Please help me improve my solution to the "Computing GC Content" challenge on the Rosalind site (bioinformatics topic)

krlsdu · April 23, 2018, 11:23pm

Hi guys!
I would like your help to improve my solution.
my test
I resolved the code-challenge, but not is clear.

In my mind this can be much better with other people helping.

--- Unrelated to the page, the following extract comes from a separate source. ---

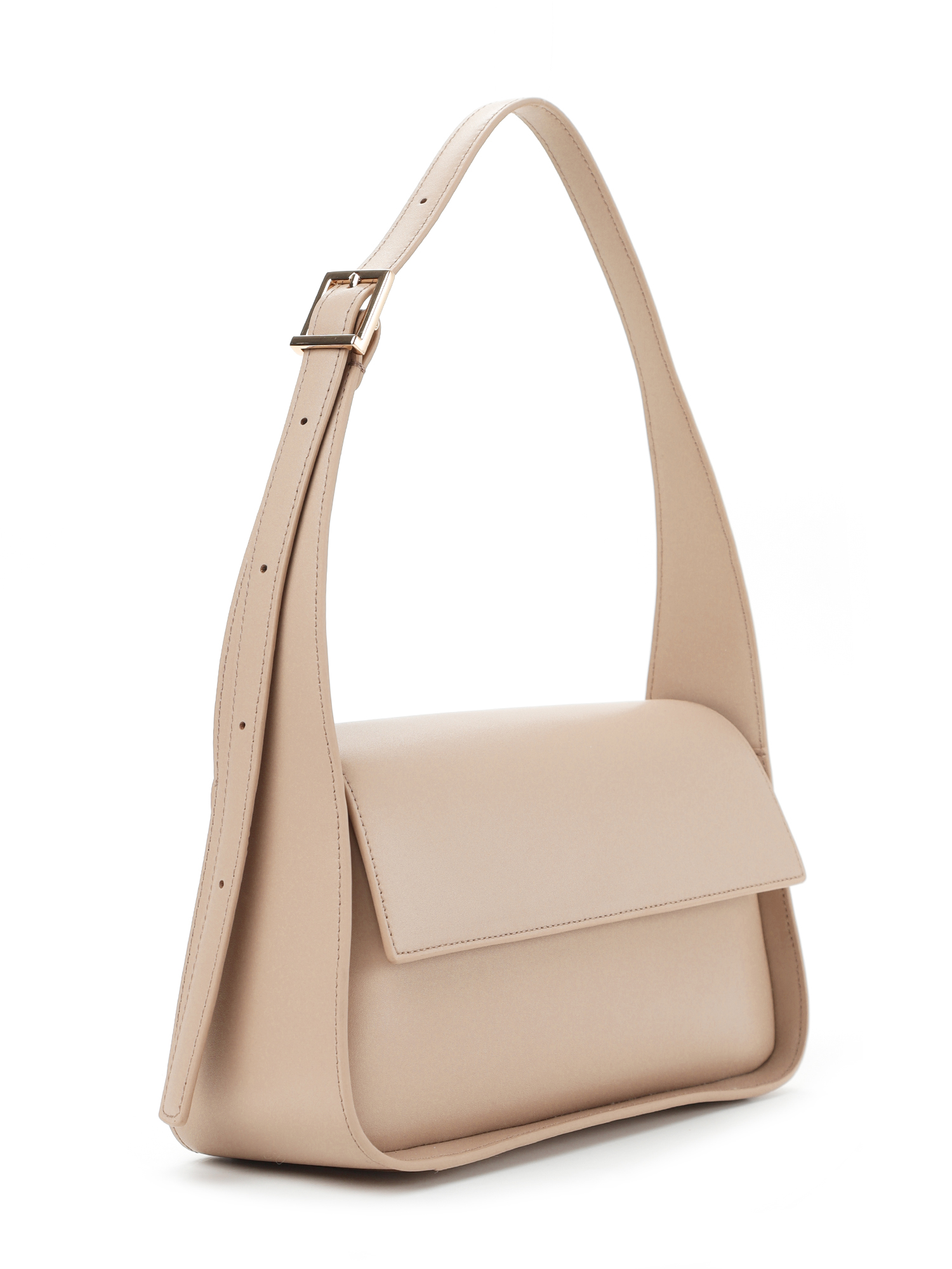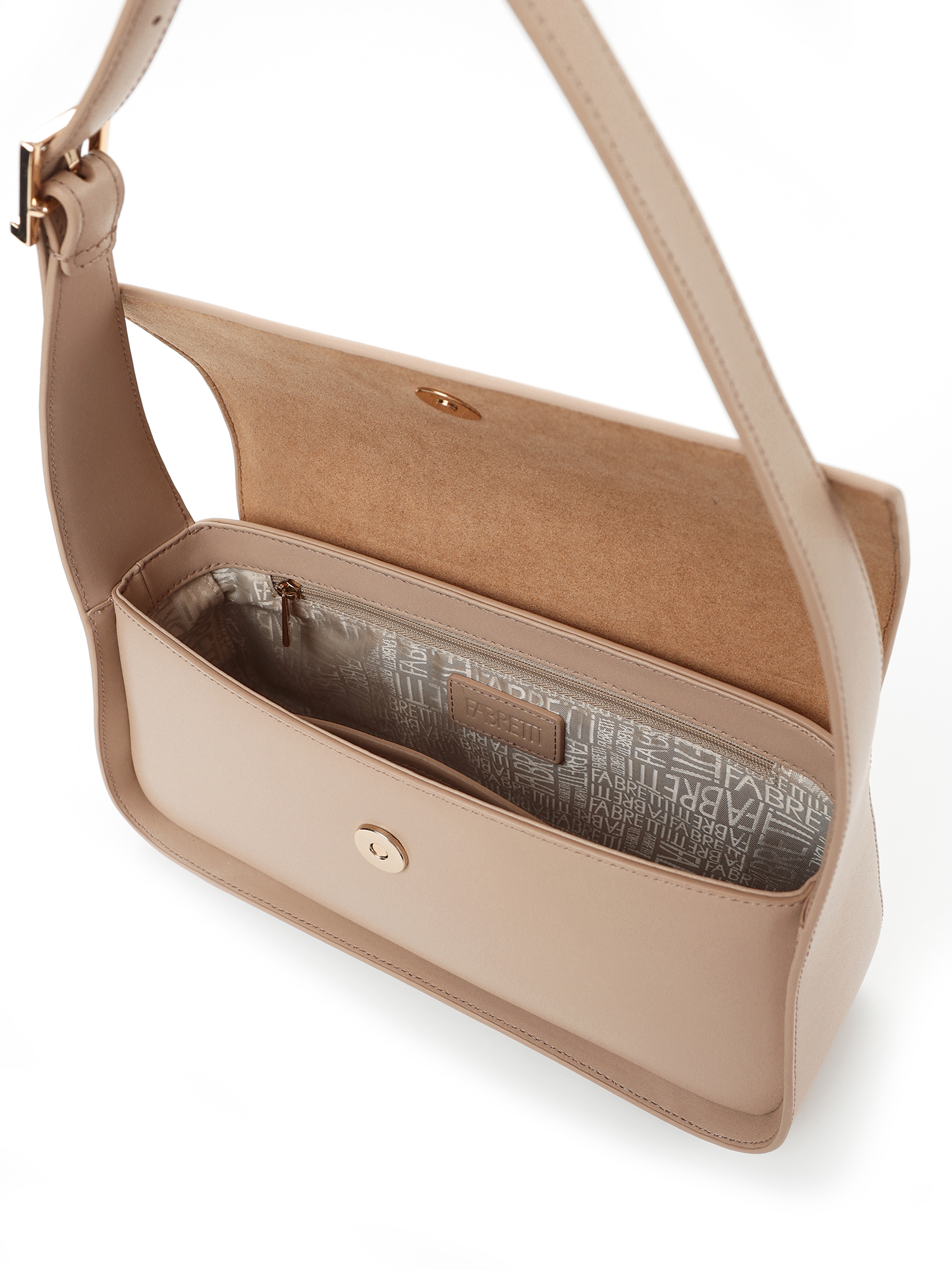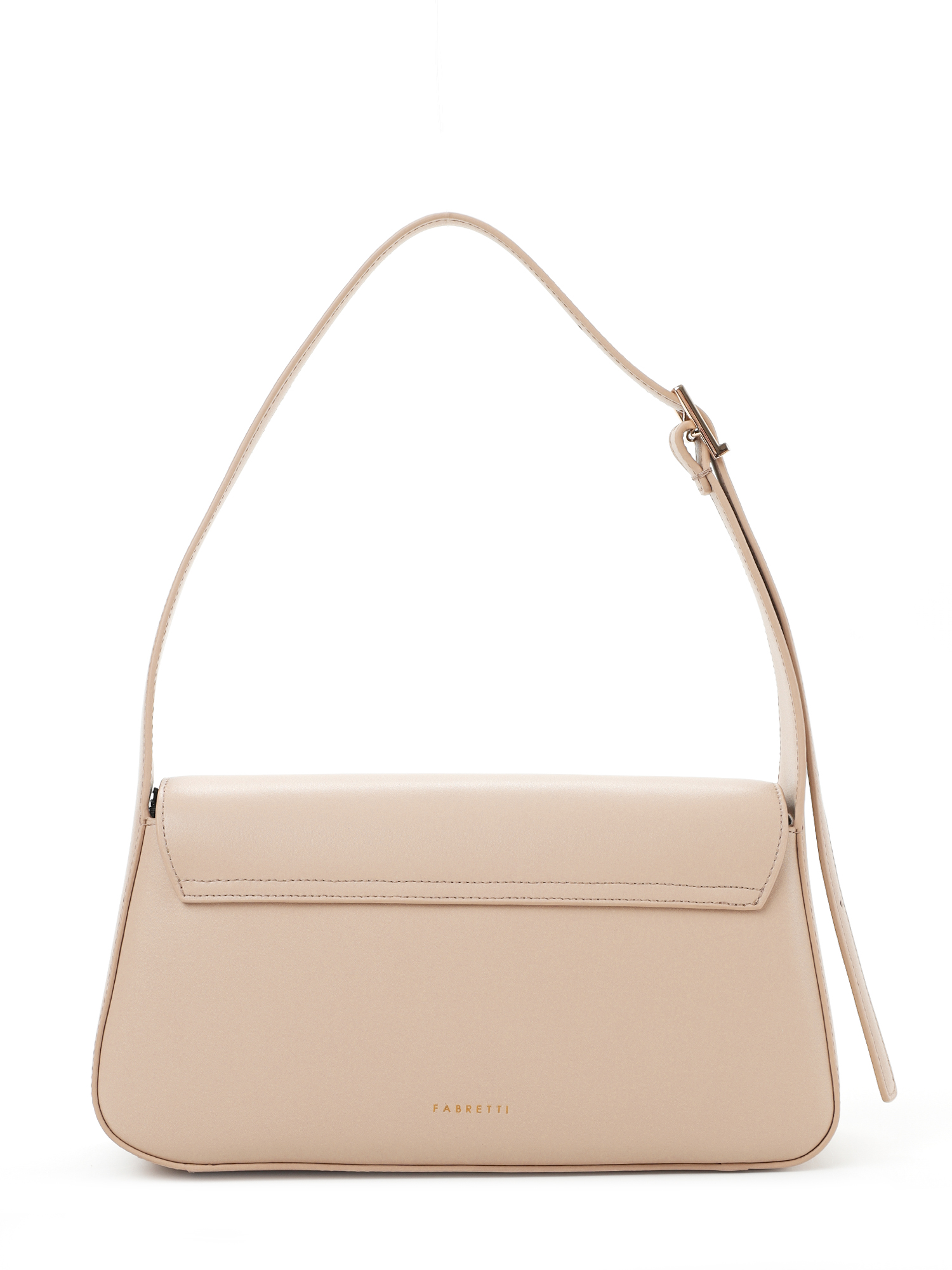 Небольшая прямоугольная женская сумка итальянского бренда FABRETTI в современном минималистичном дизайне с жестким каркасом из гладкой натуральной кожи кальф в теплом «нюдовом» бежевом цвете. Модель закрывается на клапан с магнитной кнопкой, внутри два кармана: открытый и на молнии. Плечевой ремень регулируется по длине пряжкой.Интересная деталь – широкий жесткий кант по лицевой стороне и плавные формы, делающие аксессуар более женственным и «спокойным». Цвет фурнитуры – золото.

OvermindDL1 · April 24, 2018, 3:04pm

Eh, it could be shortened a bit and made a bit more efficient but not really that much more readable either. I’d probably have the actual calculation be something like this though (as it is significantly faster):

iex(1)> dna = "AGCTATAG"
"AGCTATAG"
iex(2)> Enum.reduce(to_charlist(dna), 0, &if(&1==?C or &1==?G, do: &2+1, else: &2))/byte_size(dna)
0.375

Which if wrapped in a case do ... end then the whole thing could be pipelined into just a dozen lines or so.

mbuhot · April 24, 2018, 9:28pm

Here’s a version with some helper functions split out, using Stream to eliminate intermediate lists, and binary matching to count the G and C characters:

defmodule Gc do
  def gc_content(dataset) do
    {key, gc_percent} =
      dataset
      |> parse_lines()
      |> Stream.map(fn {k, v} -> {k, gc_percent(v)} end)
      |> Enum.max_by(&elem(&1, 1))

    "#{key}\n#{gc_percent}"
  end

  @spec parse_lines(String.t()) :: Enumerable.t()
  def parse_lines(dataset) do
    dataset
    |> String.replace("\n", "")
    |> String.split(">", trim: true)
    |> Stream.map(&String.split_at(&1, 13))
  end

  @spec gc_percent(String.t()) :: float
  def gc_percent(val), do: Float.round(100 * gc_count(val) / String.length(val), 7)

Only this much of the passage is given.